I'm developing a videogame, one that I will start selling at the end of 2019.
I've found a good name for it, problem is that it's a pretty common word. (Like for example "destiny" or " brutality" could be).

I've searched the web for games that are named the same or in a very similar way, and I also queried the uspto multiple times, without finding anything.
Furthermore, I also own the domains www.GAMENAME-game.com and www.GAMENAMEthegame.com

The important thing to note is that I don't want to trademark the name because I want nobody else to publish something with a similar name, I don't care about that because if my game has success I'll get all the visibilty of the name.
The only reason I would trademark the name is to prevent someone choosing the same name before I start selling the game and trademarking it, making it impossible for me to use that name, but I'm really torned about doing it, as the cost of it would be pretty relevant compared to the total budget of the game (trademarking a name would costs something like 1300$, and the total budget is 15000$).

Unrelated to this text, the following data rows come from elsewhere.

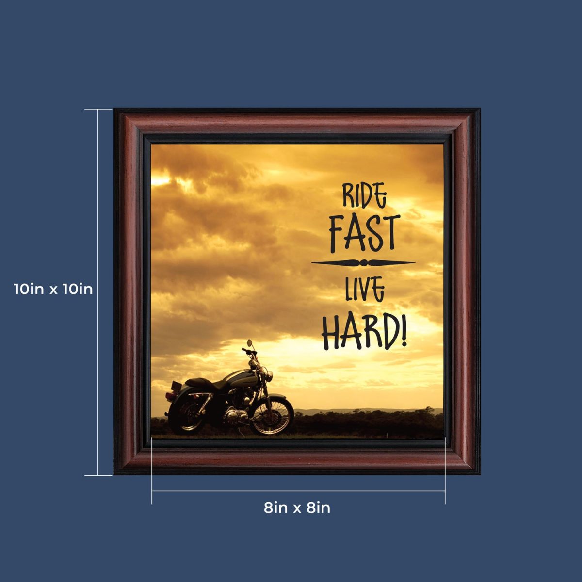 - Picture framed motorcycle sunset scene with the saying “Ride Fast, Live Hard”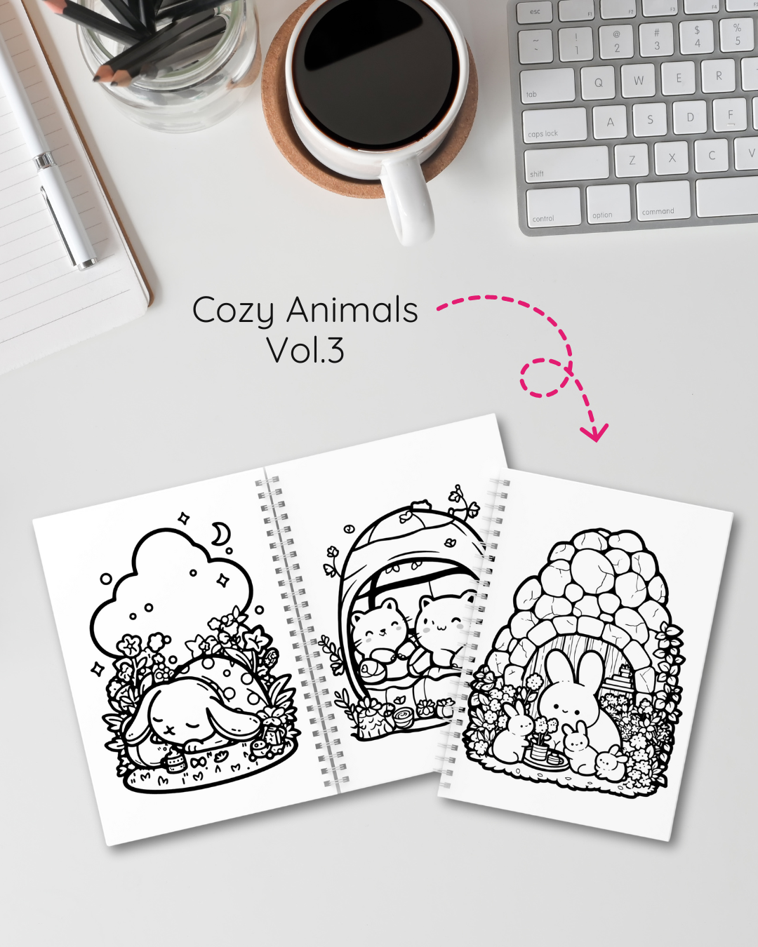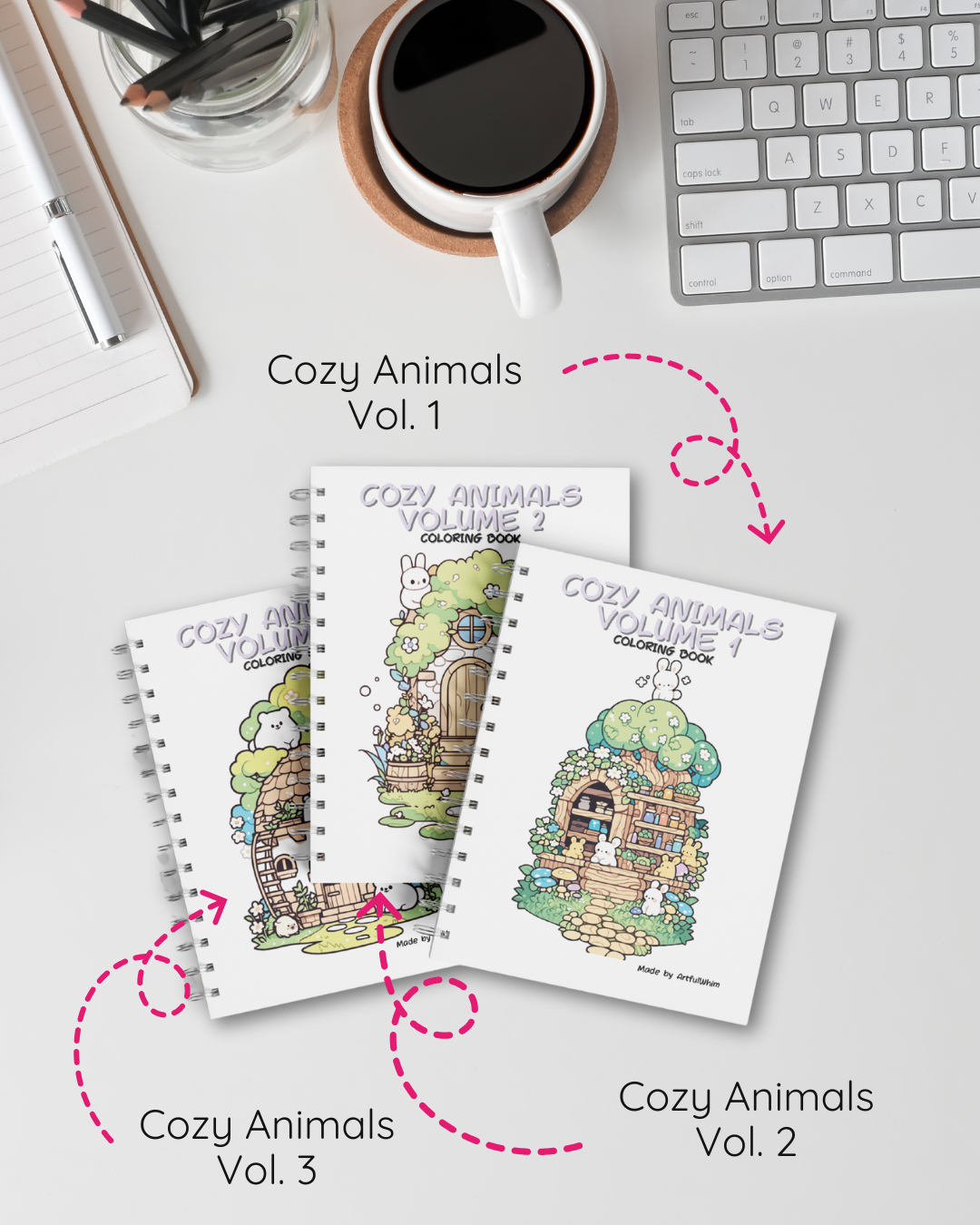 Son 3 volúmenes exclusivos en formato A5, cada uno con 30 hojas llenas de adorables ilustraciones, listas para cobrar vida con tus colores favoritos.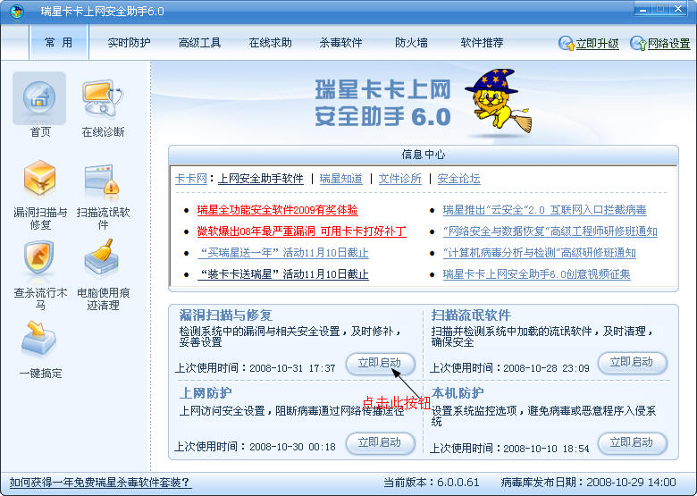 点击首页“漏洞扫描与修复”下的“立即启动”按钮
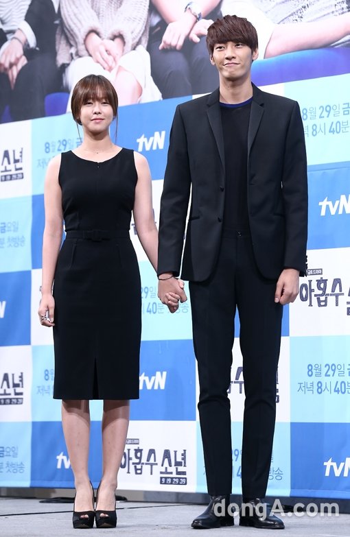 배우 경수진(왼쪽), 김영광이 25일 오후 서울시 강남구 임피리얼팰리스호텔에서 열린 tvN 금토드라마 ‘아홉수 소년’ 제작발표회에서 포토타임을 하고 있다.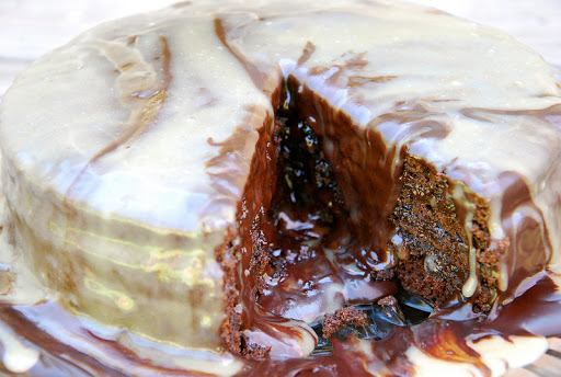 Let the cake and caramel cool for about 20 minutes, and while that's cooling, make the chocolate ganache (if desired).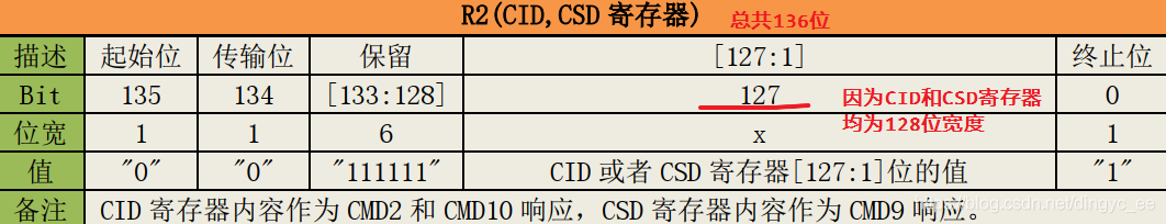 可以看到,发送命令CMD2,返回R2类型,实际上就是返回CID或者CSD寄存器的值。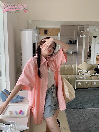 トップス レディース オーバーサイズ ビッグシルエット 半袖 シャツ 襟付き 日よけ 夏 羽織 ライトアウター 大きめ ゆったり カラバリ おしゃれ 韓国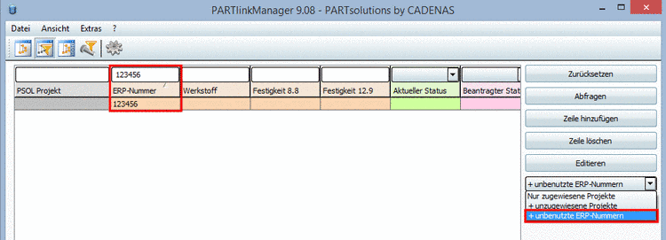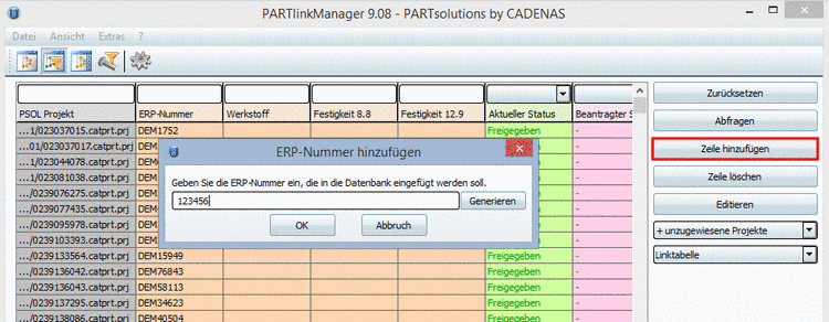 Um mittels PARTlinkManager eine neue ERP-Nummer zu vergeben und einem Bauteil zuzuweisen, gehen Sie folgendermaßen vor: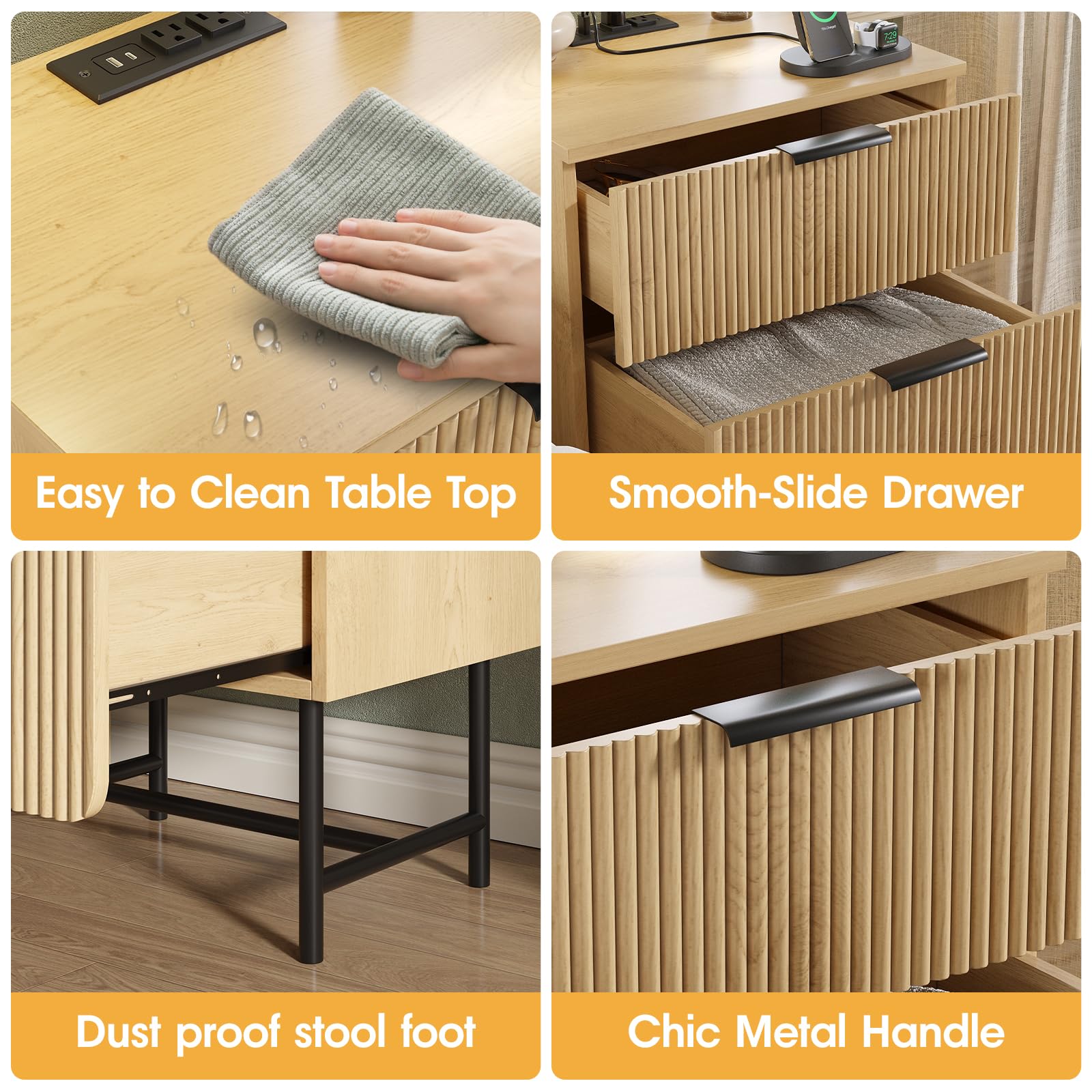 Fluted Nightstand with Charging Station, 20" Modern Bedside Table with 2 Drawers for Bedroom, Mid Century Modern End Table with Storage for Living Room, Natural Oak (1 Piece)

How would you proceed? should I go for it so that I'm pretty sure no one can "steal" it? or should I have some backup names, hoping that no one use that name before I start selling it?

Also what happens if someone trademark the name before I start selling the game, but I just don't care about it and start selling my game before they start selling their?
What happen if we go on court? The fact that I've started selling the game BEFORE they is more valuable than the "actual" trademark?

Thank you very much,
Leonardo
 


quincy

Senior Member
Hi everyone,
I'm Leonardo and this is my first question here.

I'm developing a videogame, one that I will start selling at the end of 2019.
I've found a good name for it, problem is that it's a pretty common word. (Like for example "destiny" or " brutality" could be).

I've searched the web for games that are named the same or in a very similar way, and I also queried the uspto multiple times, without finding anything.
Furthermore, I also own the domains www.GAMENAME-game.com and www.GAMENAMEthegame.com

The important thing to note is that I don't want to trademark the name because I want nobody else to publish something with a similar name, I don't care about that because if my game has success I'll get all the visibilty of the name.
The only reason I would trademark the name is to prevent someone choosing the same name before I start selling the game and trademarking it, making it impossible for me to use that name, but I'm really torned about doing it, as the cost of it would be pretty relevant compared to the total budget of the game (trademarking a name would costs something like 1300$, and the total budget is 15000$).

How would you proceed? should I go for it so that I'm pretty sure no one can "steal" it? or should I have some backup names, hoping that no one use that name before I start selling it?

Also what happens if someone trademark the name before I start selling the game, but I just don't care about it and start selling my game before they start selling their?
What happen if we go on court? The fact that I've started selling the game BEFORE they is more valuable than the "actual" trademark?

Thank you very much,
Leonardo
What is the name of your state, Leonardo?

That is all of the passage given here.